Reviewer #2 (Recommendations For The Authors):
The authors have largely replied to the reviewer comments, amended some noted typos & figure legend issues, as well as discussed the reviewers concerns in text and in their rebuttal.
The data presented are novel and of significant interest, conceptually moving this field forward, but in this reviewer's opinion reflect one pathway, of likely several, linked to protective effects of vitamin D on airway disease. This reviewer recommends a further slight editing of the text to present this broader scenario.
i) Treg cells are highly dependent on IL-2 (both Foxp3+ and IL-10+ cells, not always the same population), constitutively express the IL-2R, and there is already a significant literature regarding vitamin D and IL-10/Treg in control of immune-mediated conditions. A simple statement acknowledging this and that there are likely more than one mechanisms by which vitamin D may regulate allergic airway disease (directly or indirectly) would be appreciated - this is no way detracts from the novelty and contribution of the current findings.
We thank the reviewer for this suggestion. We have added the following statement to the manuscript (lines 623-625):
“Additional pathways, including the induction of IL-10 production by CD4+ T cells as well as a direct induction of Foxp3+ T reg cells could have further contributed to the observed protective effect of vitamin D supplementation (PMID: 21047796; 22529297).”
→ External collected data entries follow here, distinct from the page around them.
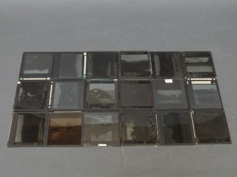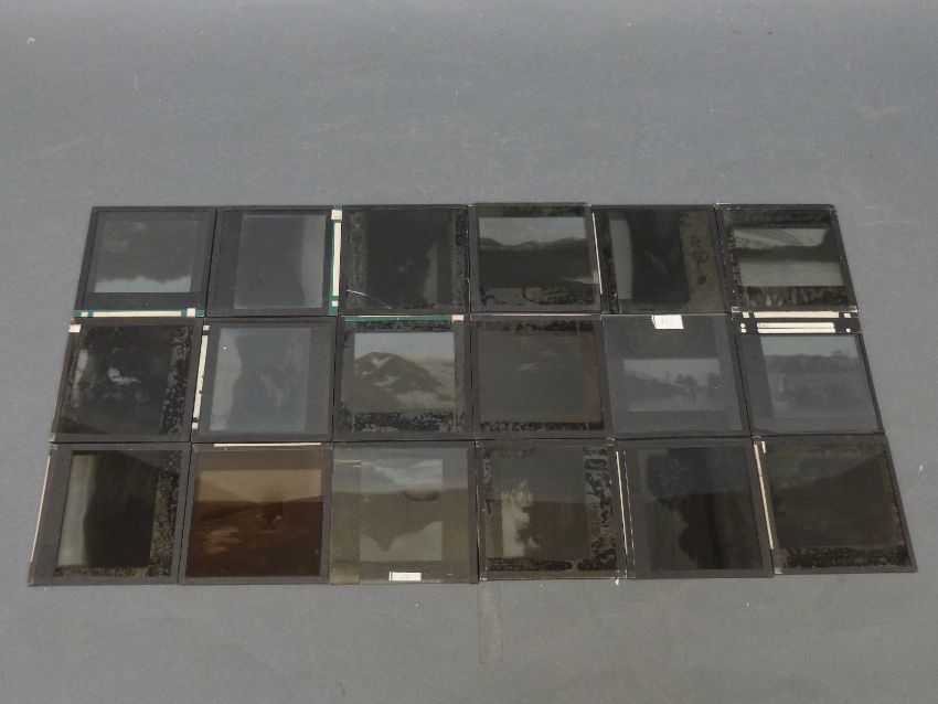 A quantity of magic lantern slides of landscape scenes, most unscripted to include fishing, cattle grazing etc together with a slide possibly showing an Indian village and a scene of Switzerland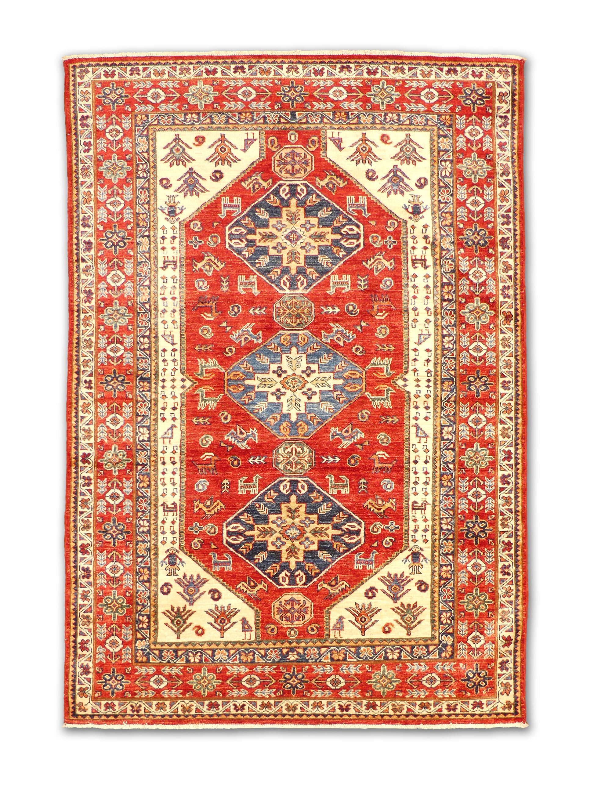 This rug showcases a bold red field with a striking sequence of linked navy medallions, each adorned with intricate star and floral motifs. Ivory spandrels on the top and bottom lighten the composition, decorated with stylized floral and animal figures, adding a unique tribal charm. The border is detailed with continuous floral and vine patterns, grounding the design with balance and rhythm. Its layout reflects a classic Caucasian-inspired village weaving with strong symmetry and storytelling elements.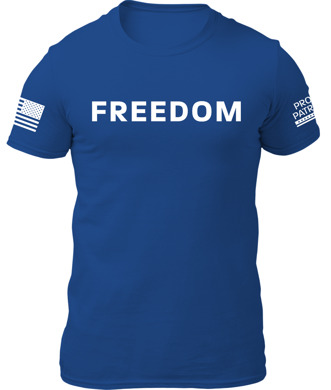 - Bold front print + American flag and Proud Patriot logos on sleeves
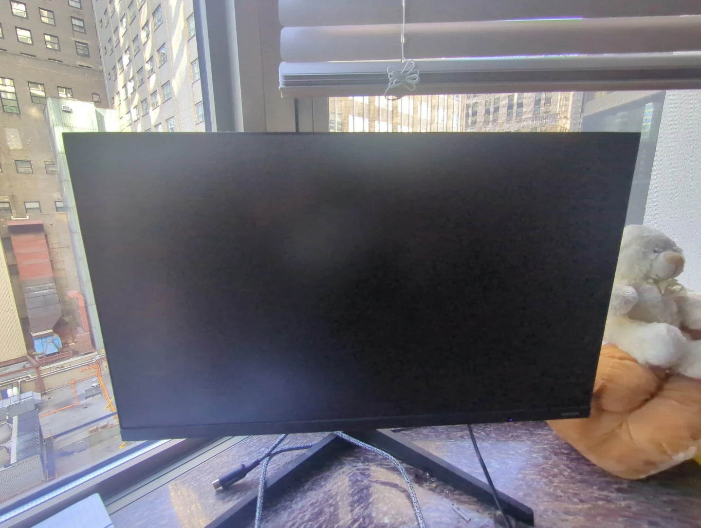 Selling a Samsung 27" monitor with no bezels on three sides. It comes with a black stand and it is in great condition.

ii) More comprehensive referencing of earlier papers proposing effects of vitamin D in controlling Treg/IL-10 and dampening Th2 responses in mouse (and human) models
(e.g. Taher, Y. A., van Esch, B. C. A. M., Hofman, G. A., Henricks, P. A. J. & van Oosterhout, A. J. M. 1alpha,25-dihydroxyvitamin D3 potentiates the beneficial effects of allergen immunotherapy in a mouse model of allergic asthma: role for IL-10 and TGF-beta. J. Immunol. 180, 5211-21 (2008). Vassiliou JE et al, 2014. Vitamin D deficiency induces Th2 skewing and eosinophilia in neonatal allergic airways disease. Allergy DOI10.1111/all.12465).
We have included the reference in the discussion section of our manuscript in lines 617-619:
“Similar findings regarding the effects of vitamin D in controlling Treg/IL-10 and dampening Th2 responses have been reported, e.g., in (PMID: 18390702) and in offspring of mice that had been subjected to vitamin D deficiency in the third trimester of their pregnancy (PMID: 24943330).”